Supplied material
[Start of Attachment]

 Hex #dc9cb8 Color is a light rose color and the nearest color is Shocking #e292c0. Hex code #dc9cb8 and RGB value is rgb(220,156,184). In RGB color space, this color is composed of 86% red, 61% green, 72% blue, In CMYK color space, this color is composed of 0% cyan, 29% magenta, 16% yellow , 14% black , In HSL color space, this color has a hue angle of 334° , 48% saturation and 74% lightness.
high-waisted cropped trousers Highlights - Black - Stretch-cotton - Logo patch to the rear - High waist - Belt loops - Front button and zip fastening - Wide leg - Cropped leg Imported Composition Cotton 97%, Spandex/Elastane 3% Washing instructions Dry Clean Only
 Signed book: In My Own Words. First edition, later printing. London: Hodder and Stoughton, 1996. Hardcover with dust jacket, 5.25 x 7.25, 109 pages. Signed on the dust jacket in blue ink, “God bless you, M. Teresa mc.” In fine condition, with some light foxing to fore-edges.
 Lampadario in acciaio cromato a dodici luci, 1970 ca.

[End of Attachment]
[Start of Attachment]

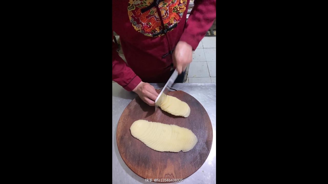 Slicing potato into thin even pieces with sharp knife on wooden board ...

[End of Attachment]

What you have to do
Out of the data above, set down the lines from the one with "Hex #dc9cb8 Color" to the one with "high-waisted cropped trousers", both included, exactly as written and with no additions.

Your solution
 Hex #dc9cb8 Color is a light rose color and the nearest color is Shocking #e292c0. Hex code #dc9cb8 and RGB value is rgb(220,156,184). In RGB color space, this color is composed of 86% red, 61% green, 72% blue, In CMYK color space, this color is composed of 0% cyan, 29% magenta, 16% yellow , 14% black , In HSL color space, this color has a hue angle of 334° , 48% saturation and 74% lightness.
high-waisted cropped trousers Highlights - Black - Stretch-cotton - Logo patch to the rear - High waist - Belt loops - Front button and zip fastening - Wide leg - Cropped leg Imported Composition Cotton 97%, Spandex/Elastane 3% Washing instructions Dry Clean Only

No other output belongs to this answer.